# [Instructions to follow]
Find "Международная выставка-конкурс современного", then copy its line and every later line of the entries exactly through the end, leaving all pictures out.

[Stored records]
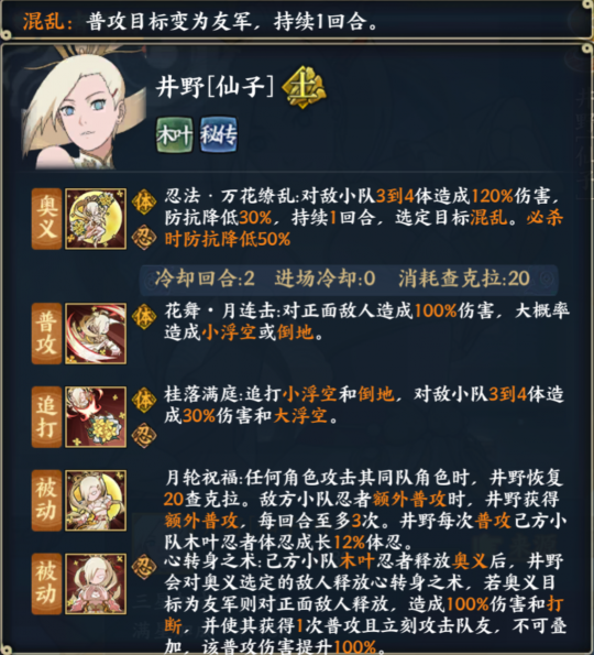 被动Ⅰ:月轮祝福:任何角色攻击其同队角色时,井野恢复20查克拉。敌方小队忍者额外普攻时,井野获得额外普攻,每回合至多3次。井野每次普攻己方小队木叶忍者体忍成长12%体忍。
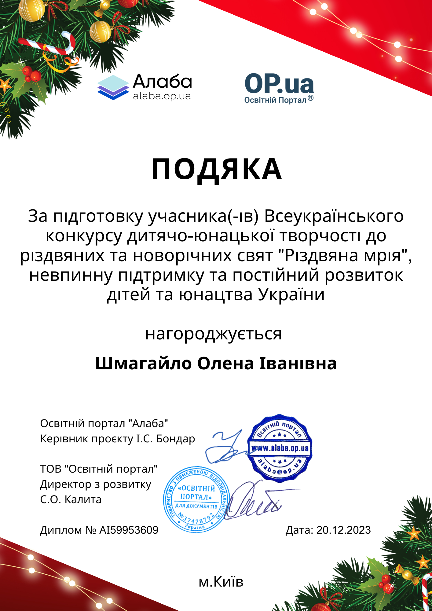 Освітній портал Алаба, за організаційної підтримки ТОВ «Освітній портал»ТМ https://op.ua, запрошує до участі у Всеукраїнському конкурсі дитячо-юнацької творчості до різдвяних та новорічних свят "Різдвяна мрія".
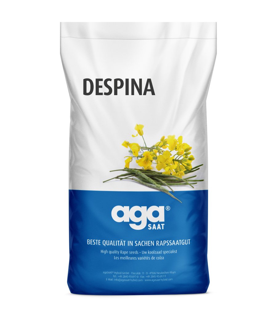 DESPINAs Ertragspotential ist erstaunlich! Vor allem der sehr hohe Kornertrag und der hohe Ölertrag überzeugen! DESPINA ist standortspezifisch anpassungsfähig und eignet sich auch für Höhenlagen sowie leichte Standorte. Vor allem die zügige Pflanzenentwicklung im Herbst und die gute bis sehr gute Winterhärte zeichnet die umweltstabile Rapssorte DESPINA aus. Zudem untermauern DESPINAs guten Resistenzeigenschaften und der mittelhohe Wuchs ihren robusten Gesamteindruck. (1,5 Mio. Körner pro Einheit)
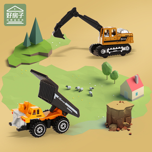 迷你合金工程车套装 3岁男孩过年礼物搅拌车挖掘机耐摔耐撞锻炼
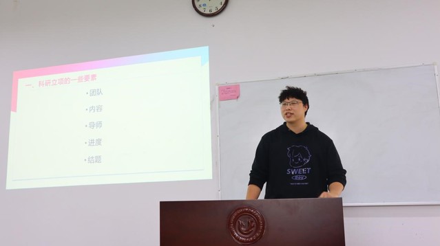 活动伊始,主持人向到场嘉宾及代表们介绍了公司2020-2021年度在科研方面的成果:校级立项34个、院级立项47个的优异成绩。随后,与会嘉宾们根据自己的科研时间线,结合具体实例向大家分享了自己的科研经验及心得体会。金工Q1841刘畅从他对科研立项的理解、科研立项需要注意的几个重点及个人建议这三个方面展开叙述,强调大一、大二是科研立项的黄金时期,感兴趣的同学需要尽可能地把握好每一次机会。农银1941李亚琼重点分析了选题的方向,表示选题需要考虑时效性、政策性及可实践性。金试Q1841张奇则谈到了科研结项的两种方式为答辩和投稿,鼓励大家在期刊投稿。农银1941邓宏琴着重提到了团队建设,表示团队成员需明确自身责任、积极沟通、互相监督并适时开展集合作业。
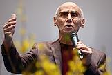 Международная выставка-конкурс современного искусства "Российская неделя искусств" в конгресс-холле "Амбер-плаза". Искусствовед Григорий Гинзбург на выставке.
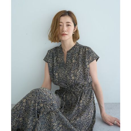 ペイズリーモチーフの総柄プリントが目を惹くシャツワンピース。
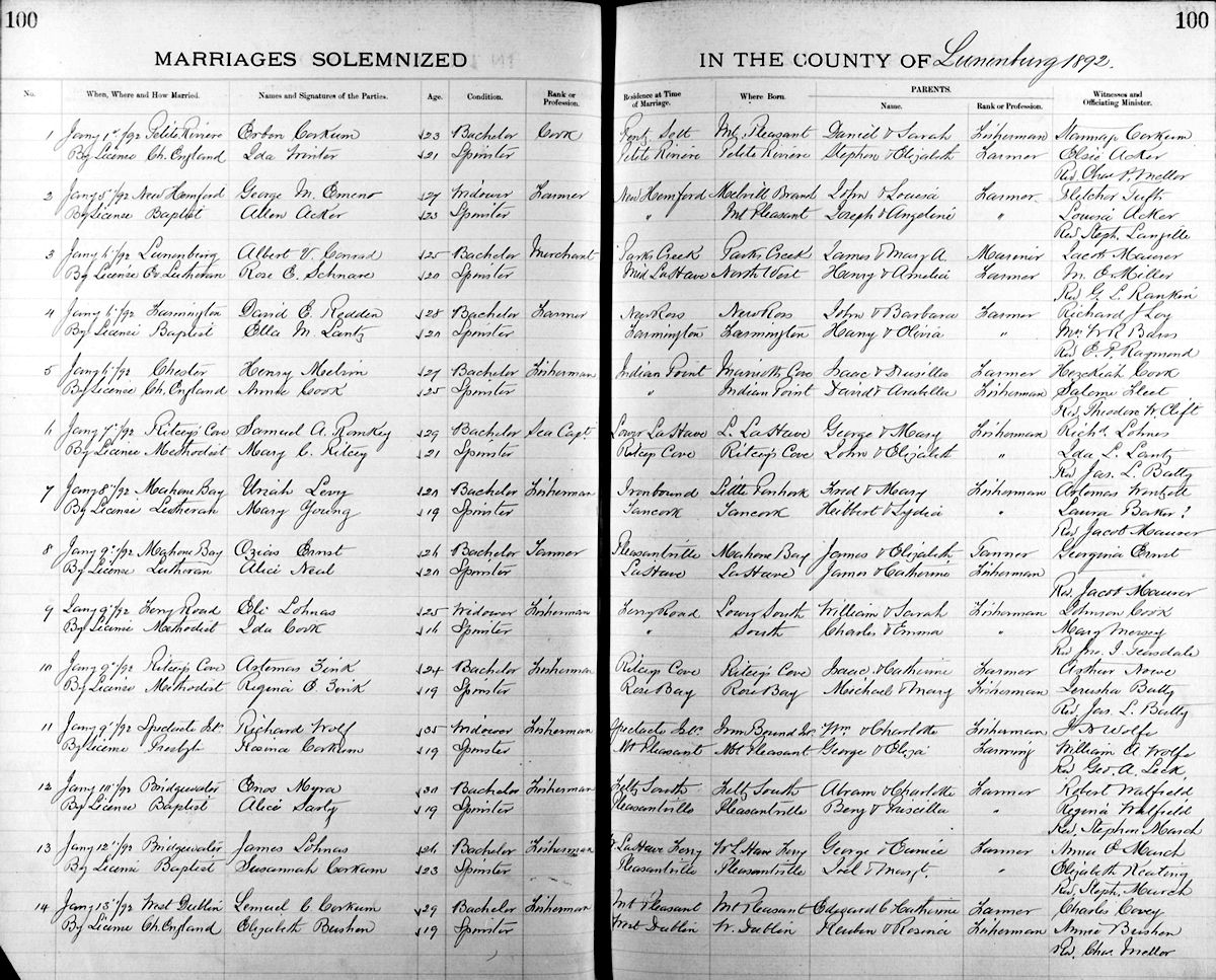 Birth Born on December 16, 1870 in Pleasantville, Lunenburg Co., NS Marriages LOHNES, James Married on January 12, 1892 in Bridgewater, Lunenburg Co., NS Children LOHNES, Maurice Wilbert: August 15, 1896 - September 20, 1970 Images James Lohnes Marriage

# [Answer for the task]
 Международная выставка-конкурс современного искусства "Российская неделя искусств" в конгресс-холле "Амбер-плаза". Искусствовед Григорий Гинзбург на выставке.
 ペイズリーモチーフの総柄プリントが目を惹くシャツワンピース。
 Birth Born on December 16, 1870 in Pleasantville, Lunenburg Co., NS Marriages LOHNES, James Married on January 12, 1892 in Bridgewater, Lunenburg Co., NS Children LOHNES, Maurice Wilbert: August 15, 1896 - September 20, 1970 Images James Lohnes Marriage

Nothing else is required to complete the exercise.